# Aim of the task:
For this exercise, copy exactly the lines below from the one with "Fruits ramassés enfermés" through the one with "Hochrangige Künstler des" and leave out the pictures.

[[ Data open ]]

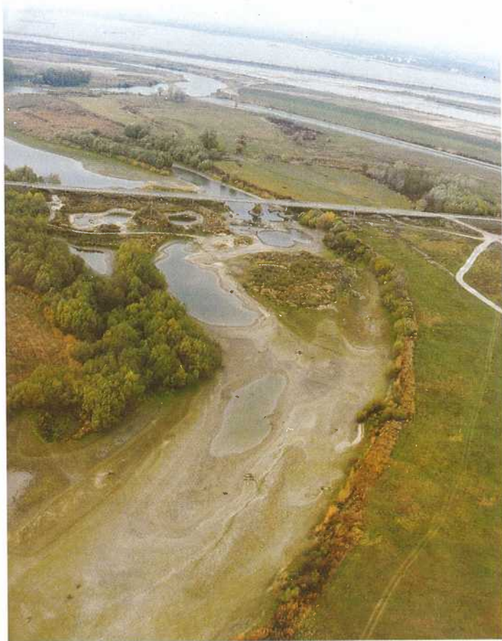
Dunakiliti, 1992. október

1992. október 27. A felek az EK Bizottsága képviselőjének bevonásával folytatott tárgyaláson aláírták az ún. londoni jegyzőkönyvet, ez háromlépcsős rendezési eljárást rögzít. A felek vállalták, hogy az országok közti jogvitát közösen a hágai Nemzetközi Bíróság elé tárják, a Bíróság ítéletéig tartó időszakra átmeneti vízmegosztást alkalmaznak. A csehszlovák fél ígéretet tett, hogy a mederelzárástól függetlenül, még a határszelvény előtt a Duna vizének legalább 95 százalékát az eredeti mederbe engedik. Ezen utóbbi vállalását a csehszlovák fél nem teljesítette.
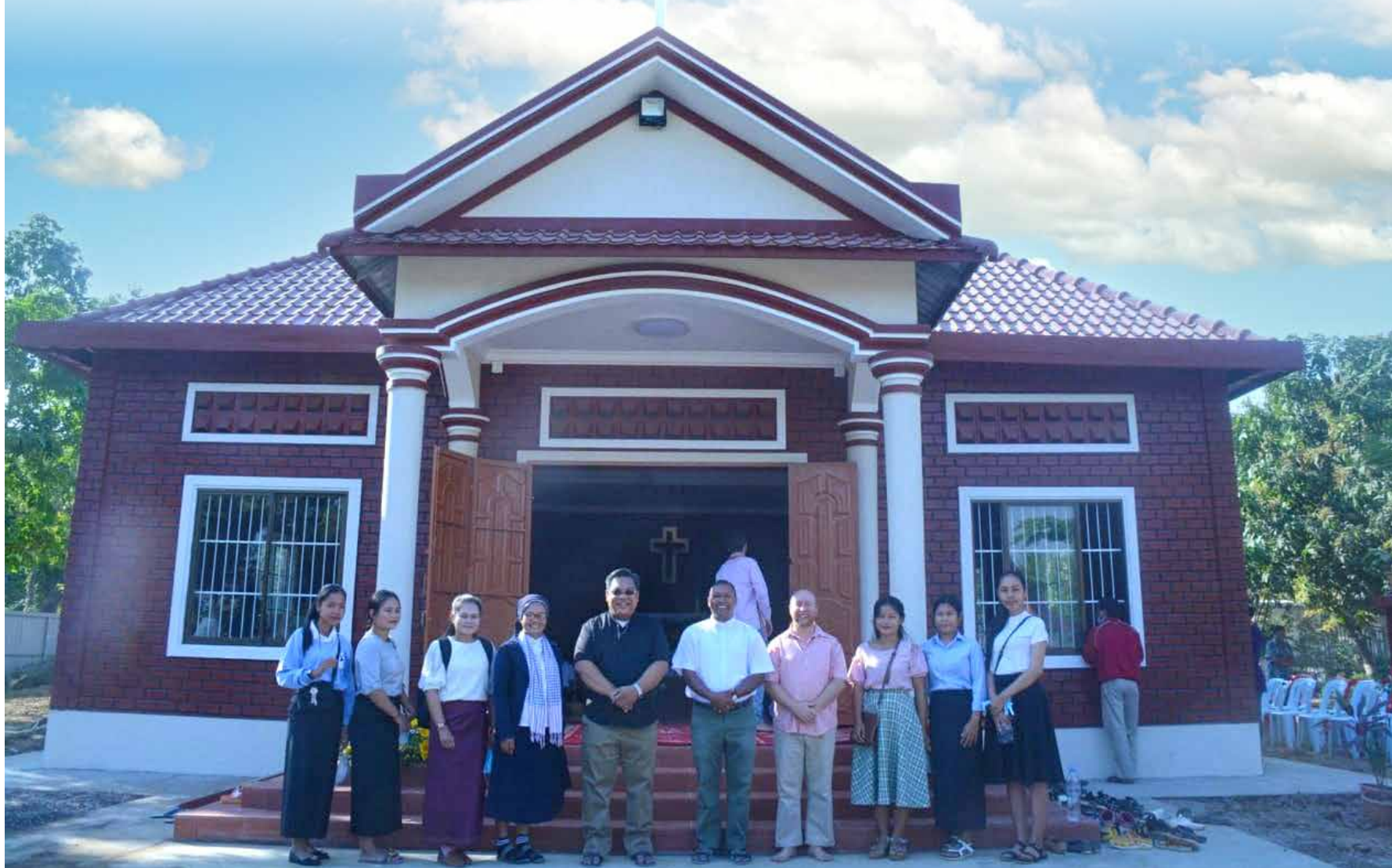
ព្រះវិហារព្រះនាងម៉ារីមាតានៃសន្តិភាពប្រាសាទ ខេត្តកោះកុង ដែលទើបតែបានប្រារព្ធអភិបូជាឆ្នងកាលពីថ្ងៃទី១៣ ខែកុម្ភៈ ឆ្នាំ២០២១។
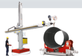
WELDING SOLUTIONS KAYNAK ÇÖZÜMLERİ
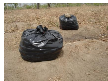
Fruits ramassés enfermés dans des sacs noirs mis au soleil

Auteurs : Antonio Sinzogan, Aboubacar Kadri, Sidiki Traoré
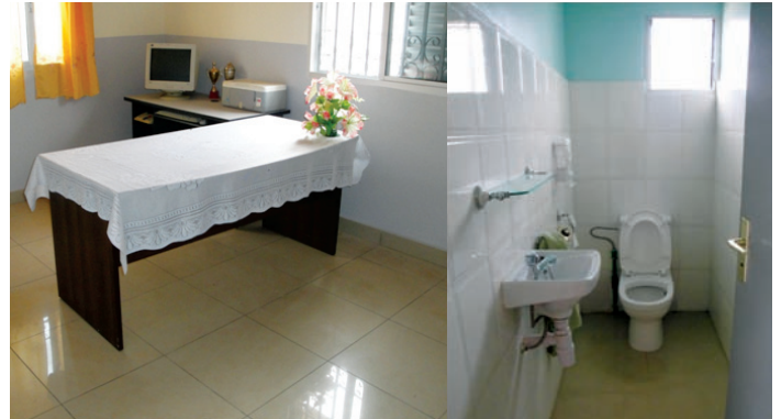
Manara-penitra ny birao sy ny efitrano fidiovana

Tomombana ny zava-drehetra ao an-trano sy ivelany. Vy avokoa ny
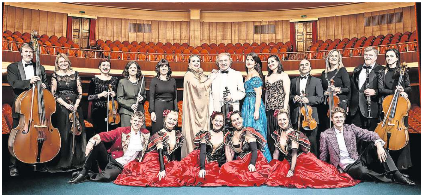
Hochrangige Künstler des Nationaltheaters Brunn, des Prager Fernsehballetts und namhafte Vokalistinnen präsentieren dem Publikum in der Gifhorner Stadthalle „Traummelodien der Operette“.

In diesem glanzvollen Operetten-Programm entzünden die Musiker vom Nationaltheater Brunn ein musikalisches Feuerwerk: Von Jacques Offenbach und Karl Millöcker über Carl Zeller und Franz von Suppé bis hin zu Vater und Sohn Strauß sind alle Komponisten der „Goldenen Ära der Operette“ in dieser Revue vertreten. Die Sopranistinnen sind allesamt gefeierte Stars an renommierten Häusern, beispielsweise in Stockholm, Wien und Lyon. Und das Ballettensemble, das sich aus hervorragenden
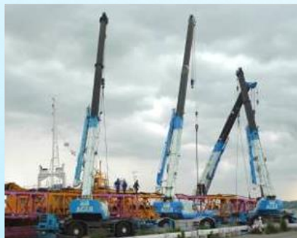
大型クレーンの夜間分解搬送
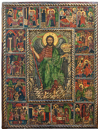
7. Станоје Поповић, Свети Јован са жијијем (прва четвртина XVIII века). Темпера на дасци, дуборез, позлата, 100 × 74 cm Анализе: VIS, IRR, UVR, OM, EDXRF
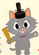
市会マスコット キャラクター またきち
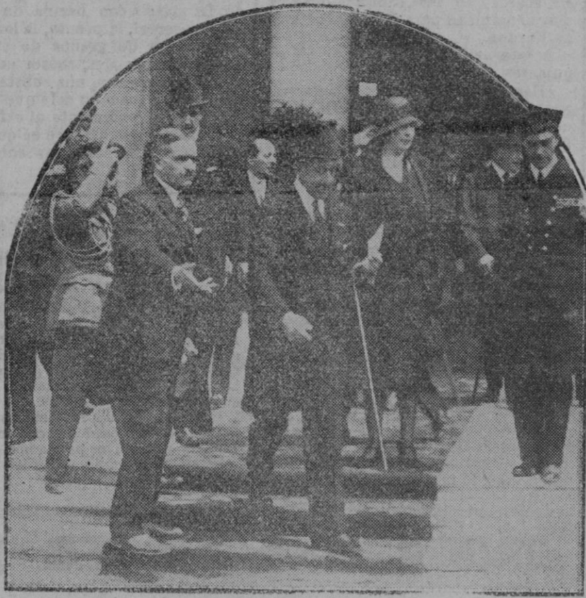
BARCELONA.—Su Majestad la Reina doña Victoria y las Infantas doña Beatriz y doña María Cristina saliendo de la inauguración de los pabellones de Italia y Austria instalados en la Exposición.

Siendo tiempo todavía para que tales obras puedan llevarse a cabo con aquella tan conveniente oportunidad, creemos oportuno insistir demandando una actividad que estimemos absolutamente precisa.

[[ Data closed ]]
[[ Data open ]]

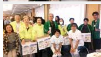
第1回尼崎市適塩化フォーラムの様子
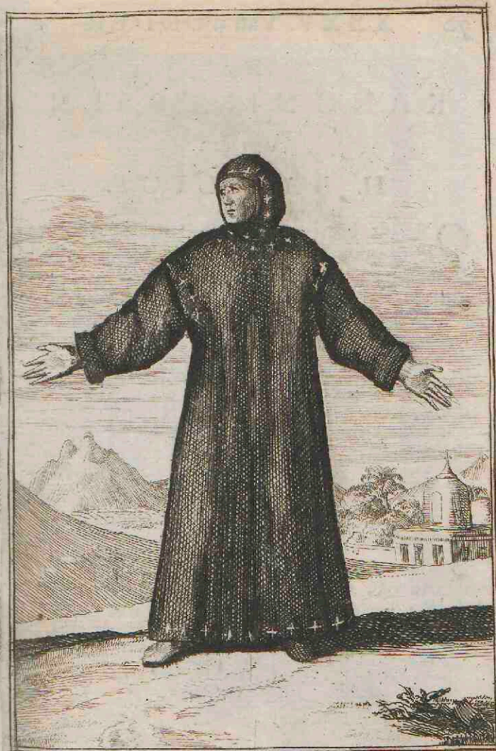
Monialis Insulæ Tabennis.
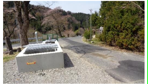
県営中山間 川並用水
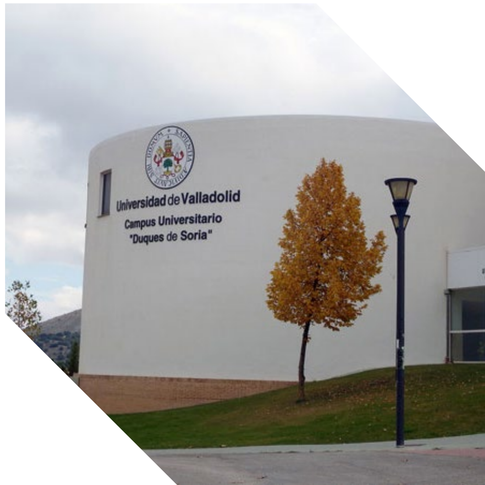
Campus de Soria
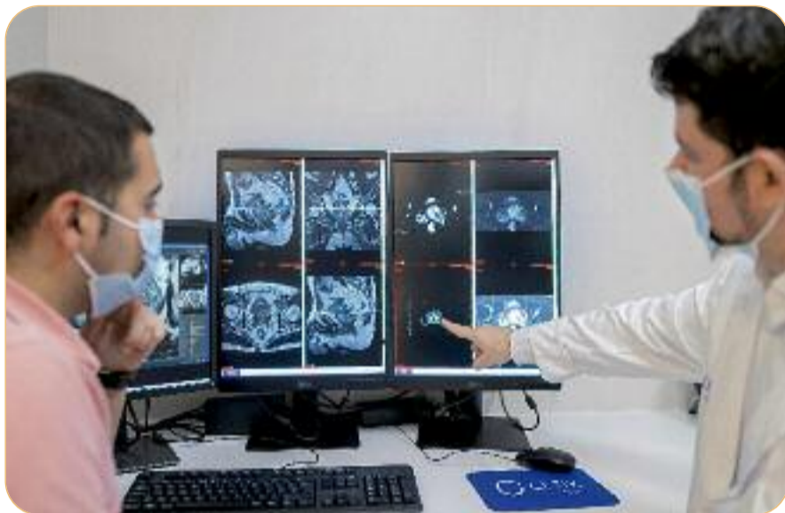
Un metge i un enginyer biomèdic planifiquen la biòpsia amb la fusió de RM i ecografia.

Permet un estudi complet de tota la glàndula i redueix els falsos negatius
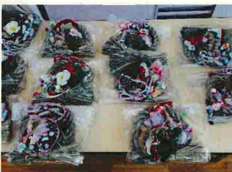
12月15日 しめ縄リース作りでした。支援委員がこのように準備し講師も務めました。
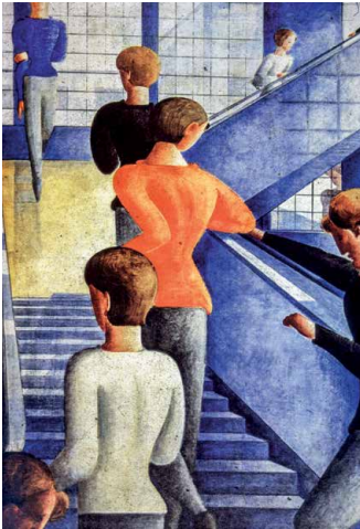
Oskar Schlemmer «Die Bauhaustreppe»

[[ Data closed ]]

# Written reply:
Fruits ramassés enfermés dans des sacs noirs mis au soleil

Auteurs : Antonio Sinzogan, Aboubacar Kadri, Sidiki Traoré
Manara-penitra ny birao sy ny efitrano fidiovana

Tomombana ny zava-drehetra ao an-trano sy ivelany. Vy avokoa ny
Hochrangige Künstler des Nationaltheaters Brunn, des Prager Fernsehballetts und namhafte Vokalistinnen präsentieren dem Publikum in der Gifhorner Stadthalle „Traummelodien der Operette“.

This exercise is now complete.